A riveting and exciting production: Die Meistersinger von Nürnberg

Wagner: Die Meistersinger - Bayreuth Festival - Anne Schwanewilms, Klaus Florian Vogt, Michael Volle (Photo © Bayreuther Festspiele / Enrico Nawrath)
Wagner: Die Meistersinger - Bayreuth Festival - Anne Schwanewilms, Klaus Florian Vogt, Michael Volle
(Photo © Bayreuther Festspiele / Enrico Nawrath)
Wagner Die Meistersinger; Daniel Behle, Günter Groissböck, Johannes Martin Kränzle, Wiebke Lehmkuhl, Anne Schwanewilms, Klaus Florian Vogt, Michael Volle, dir: Barrie Kosky, cond: Philippe Jordan; Bayreuth Festival
Reviewed by Tony Cooper on Aug 19 2017 Star rating: 5.0
A new production of Wagner's comedy which imaginatively weaves in the work's history

Wagner: Die Meistersinger - Bayreuth Festival - Daniel Behle (Photo © Bayreuther Festspiele / Enrico Nawrath)
Daniel Behle
(Photo © Bayreuther Festspiele / Enrico Nawrath)
Barrie Kosky's production of Die Meistersinger at the Bayreuth Festival, new this year (seen 19 August 2017) featured Michael Volle as Hans Sachs, Anne Schwanewilms as Eva, Klaus Florian Vogt as Walther, Johannes Martin Kränzle, as Beckmesser, Daniel Behle as David, Günter Groissböck as Pogner and Wiebke Lehmkuhl, conducted by Philippe Jordan.

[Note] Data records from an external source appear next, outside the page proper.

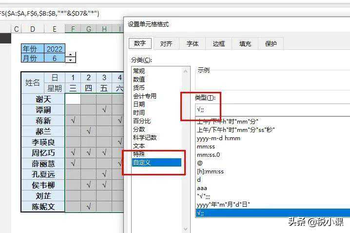 COUNTIFS函数可以进行多条件计数,本例中是根据日期和D列姓名统计,如果某日值班则显示1,否则显示为0。如下图所示:
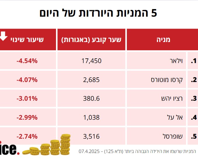 בקרב חמש המניות היורדות, המפסידה היא חברת וילאר שמנייתה צנחה ב-4.54% לרמה של 17,450 אגורות. מנייתה של חברת קרסו מוטורס ירדה ב-4.07% לרמה של 2,685 אגורות.
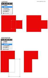 7、在矩形工具选项栏上路径操作中有不同的组合,我们可以通过这些组合更好的绘制自己需要的图形,效果如下图所示:
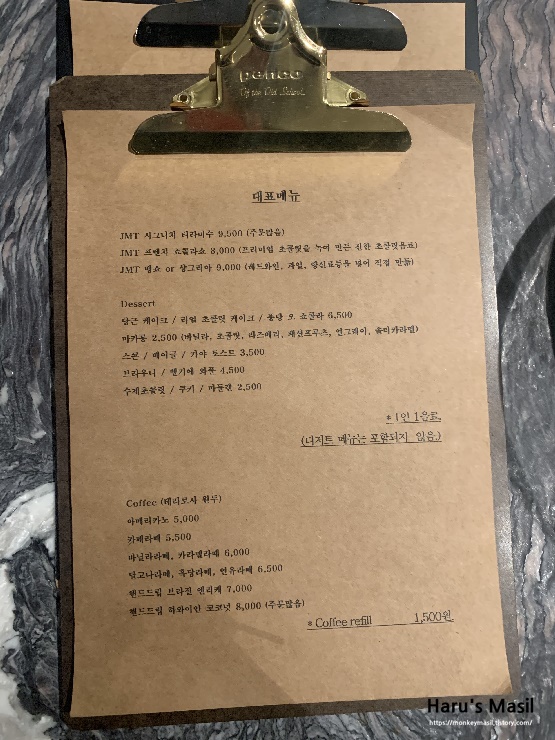 커피메뉴는 이렇게 되어 있고 와인이나 맥주는 다음 장에 있었는데 저희는 커피마시러 온거라 ㅎㅎ 다음장을 넘겨보지 않았네요. 저희는 브라우니 4,500원, 아이스 아메리카노 5,000원, 레몬에이드 5,000원 이였어요.

Barrie Kosky - artistic director of Komische Oper Berlin who depicts himself as a ‘gay Jewish kangaroo’, whom I find an innovative, flamboyant and at times a wonderfully-quirky director - was born in Melbourne in the late 1960s, the grandson of Jewish emigrants from Europe. A successful opera director, he will, no doubt, go down in history as the first Jewish director to hold court in Bayreuth Festival’s illustrious 141-year-old history and also the first person outside of the Wagner family to direct Die Meistersinger at Bayreuth.

That’s quite an honour and I think, too, a significant step and a mighty big gesture by Katharina Wagner - artistic director of the Bayreuth Festival, daughter of Wolfgang Wagner and great-granddaughter of Richard Wagner - of appointing Kosky as it backs up her viewpoint of bringing to the fore Richard Wagner’s anti-Semitic stance and his family’s later association with Adolf Hitler and the Third Reich. This vision is also reflected in the revamped exhibition focusing on the Bayreuth Festival housed in the newly-restored Villa Wahnfried (complete with a swishy new extension) where Wagner lived with his wife Cosima and their children from 1874 to 1882.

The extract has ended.